Simply said, the basis of GSEA is a list in which the genes are ranked on a relevant metric, in your case logFC. Importantly, after the ranking, the values of the ranking metric (logFC) are not used anymore; of relevance is only the position of a gene in that ranked list. The next step in the procedure is to walk from top to down of the ranked list, and check in which gene set (pathway) each of the ranked genes appears. If there is a match, then the score (running sum) of those gene sets increase. This is done until the bottom of the ranked list is reached. If multiple genes that belong to the same gene set are on top of the ranked list, the (normalized) enrichment score of that gene set will be positive, and this gene set is then interpreted to be 'activated', the same applies to genes that are at the bottom of the ranked list; the gene sets that are 'enriched' by these genes have a negative NES, and could be interpreted as being 'suppressed'. What clusterProfiler under the hood does, is simply labeling sets having a positive NES as 'activated', and negative NES as 'suppressed'. These two term are then used to 'split' the gene sets in the dotplot.
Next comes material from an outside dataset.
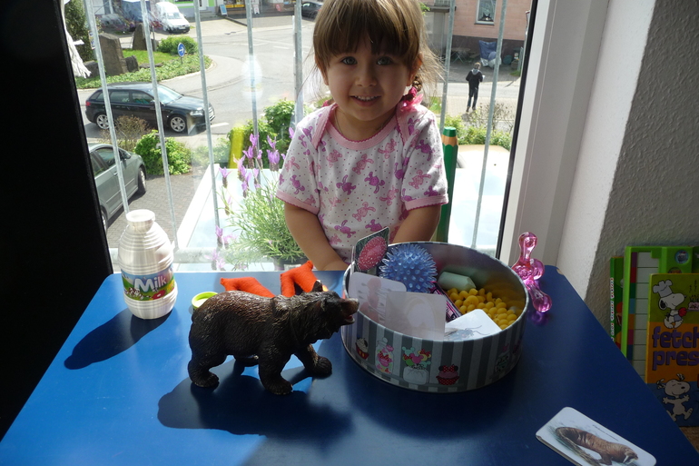 Чего здесь только нет: медведь, молоко, массажный мяч, "массажная молекула" (розовая штучка для массажа, мы её так называем), маркер, макароны, морковь, марки, мелок и кошелёк в виде коровы. Что? Коровы не на букву М? А как она говорит? Муууууу.... А внутри Нашей мычащей коровы - монеты)

One of the underlying assumptions is that you more or less have similar number of genes with a positive or negative ranking metric. Yet, if you look at the gseaplot2, you see at the bottom panel (with y-axis = 'Ranked List Metric') that of the 3796 proteins you used as input, only around 700 have a positive ranking metric. In other words, in your dataset only 700 genes are up-regulated, and 3000 are down-regulated. The GSEA algorithm correctly identifies gene sets that are enriched on the top of your ranked list, and since the values of the ranking metric are not considered at all, these are then just labelled 'activated'. This is why the gene set MHC class II protein complex binding is labelled like that!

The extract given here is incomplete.